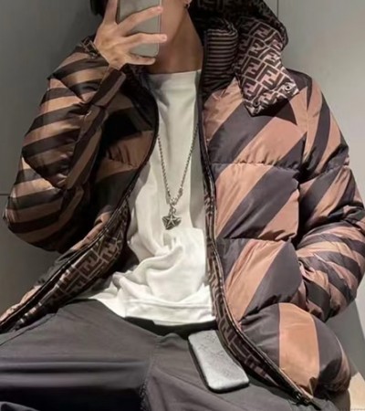 • [홍콩명품,FENDI] 펜디 25SS 로고 패턴 리버서블 다운 패딩 후드 바람막이 자켓 (브라운), BM23701, KK, 레플리카의류,미러급사이트
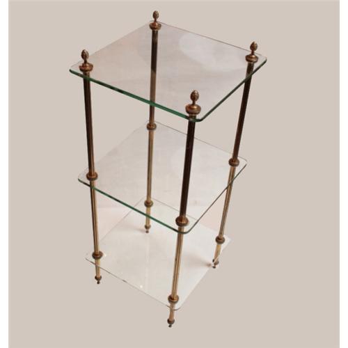A French side table in brass and glass, decorative brass finnials.</em></td>
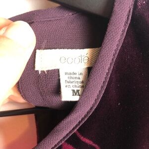 All over velvet top from Ecote, sold at Urban Outfitters. This top is an all over purple velvet with a pink floral print all over. It has a double v neck with a strap across the neckline on both sides. It has short dolman sleeves. Excellent condition. Approx measurements: Pit to pit: 24.5" Shoulder to hem: 20.5"
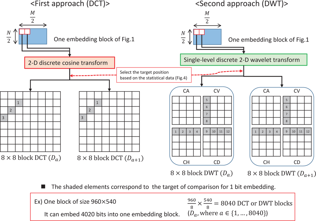 In the first approach, a DCT was applied to an 8 × 8 pixel block-unit in one embedding block (960 × 540) to produce an
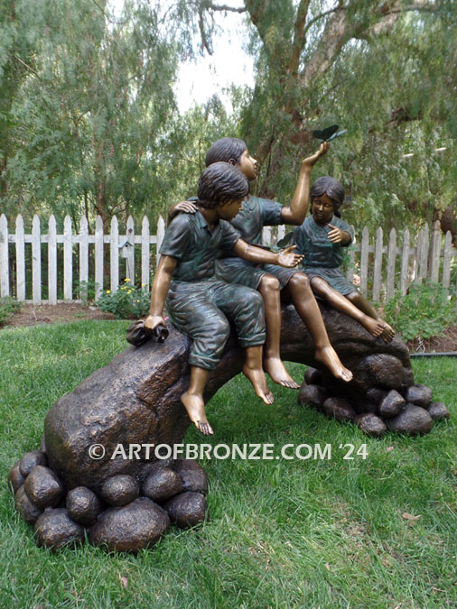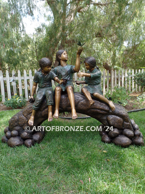 Call Art of Bronze today at (805) 908-5355 to learn more about our- outdoor bronze children’s statues – kids playing bronze statue – life-size boys and girls on log bronze statue- outdoor children sitting on bronze log monument – bronze children artwork.
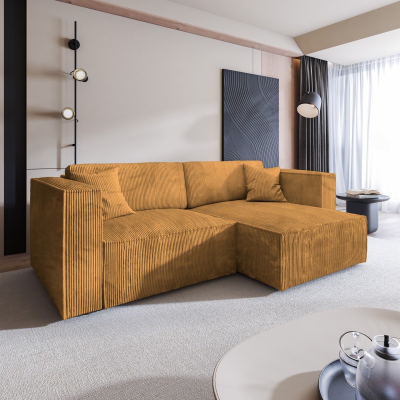 Masseno Ecksofa NERIO mit Schlaffunktion und Bettkasten, Ausziehbares Bettsofa - Gelb, POSO 01
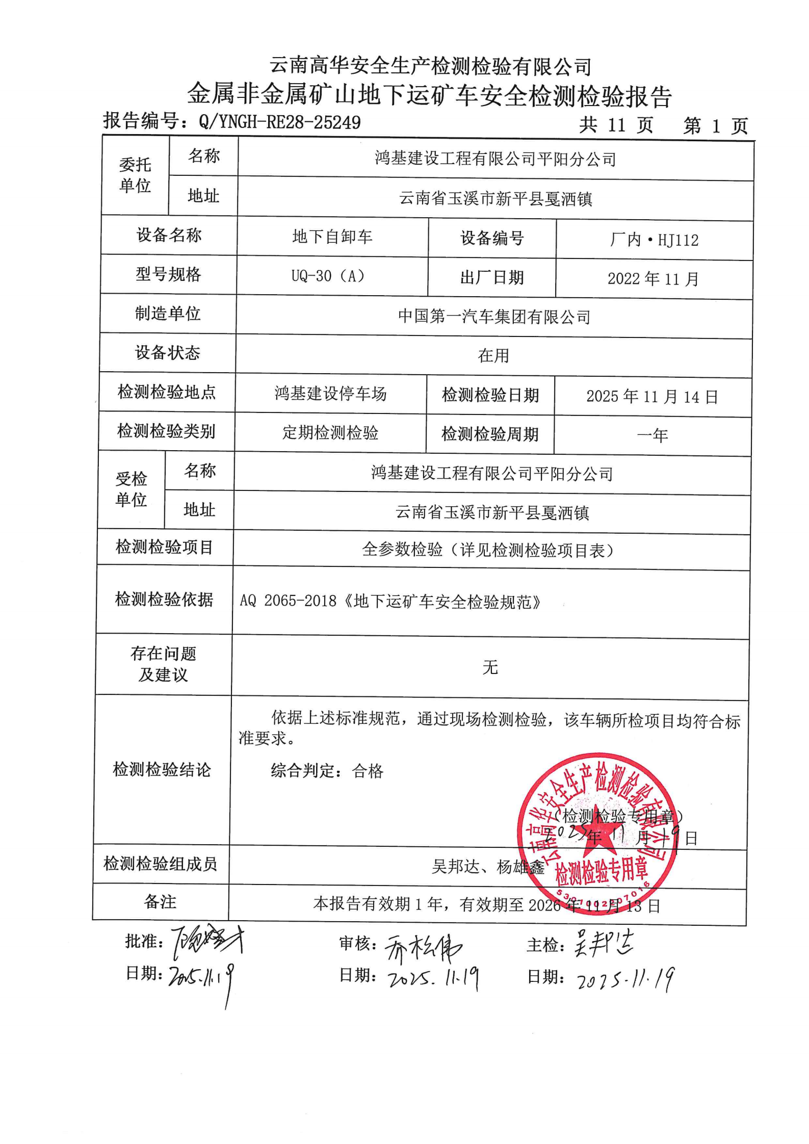 金属非金属矿山地下运矿车安全检测检验报告
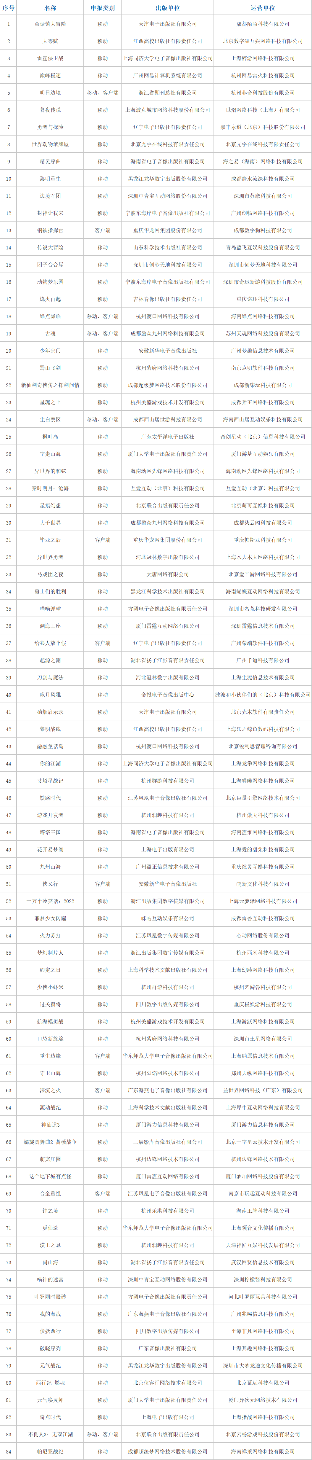 84款国产网络游戏完整版号名单如下:
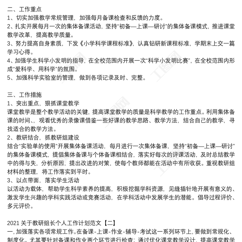 2021關(guān)于教研組長個(gè)人工作計(jì)劃范文

Work to be completed -> What is needed is a word-for-word restatement of the lines from the one holding "A French side" to the final line of the data above, inclusive, without any pictures.

Exercise output ->
A French side table in brass and glass, decorative brass finnials.</em></td>
 All over velvet top from Ecote, sold at Urban Outfitters. This top is an all over purple velvet with a pink floral print all over. It has a double v neck with a strap across the neckline on both sides. It has short dolman sleeves. Excellent condition. Approx measurements: Pit to pit: 24.5" Shoulder to hem: 20.5"
 In the first approach, a DCT was applied to an 8 × 8 pixel block-unit in one embedding block (960 × 540) to produce an
 Call Art of Bronze today at (805) 908-5355 to learn more about our- outdoor bronze children’s statues – kids playing bronze statue – life-size boys and girls on log bronze statue- outdoor children sitting on bronze log monument – bronze children artwork.
 Masseno Ecksofa NERIO mit Schlaffunktion und Bettkasten, Ausziehbares Bettsofa - Gelb, POSO 01
 金属非金属矿山地下运矿车安全检测检验报告
 84款国产网络游戏完整版号名单如下:
 2021關(guān)于教研組長個(gè)人工作計(jì)劃范文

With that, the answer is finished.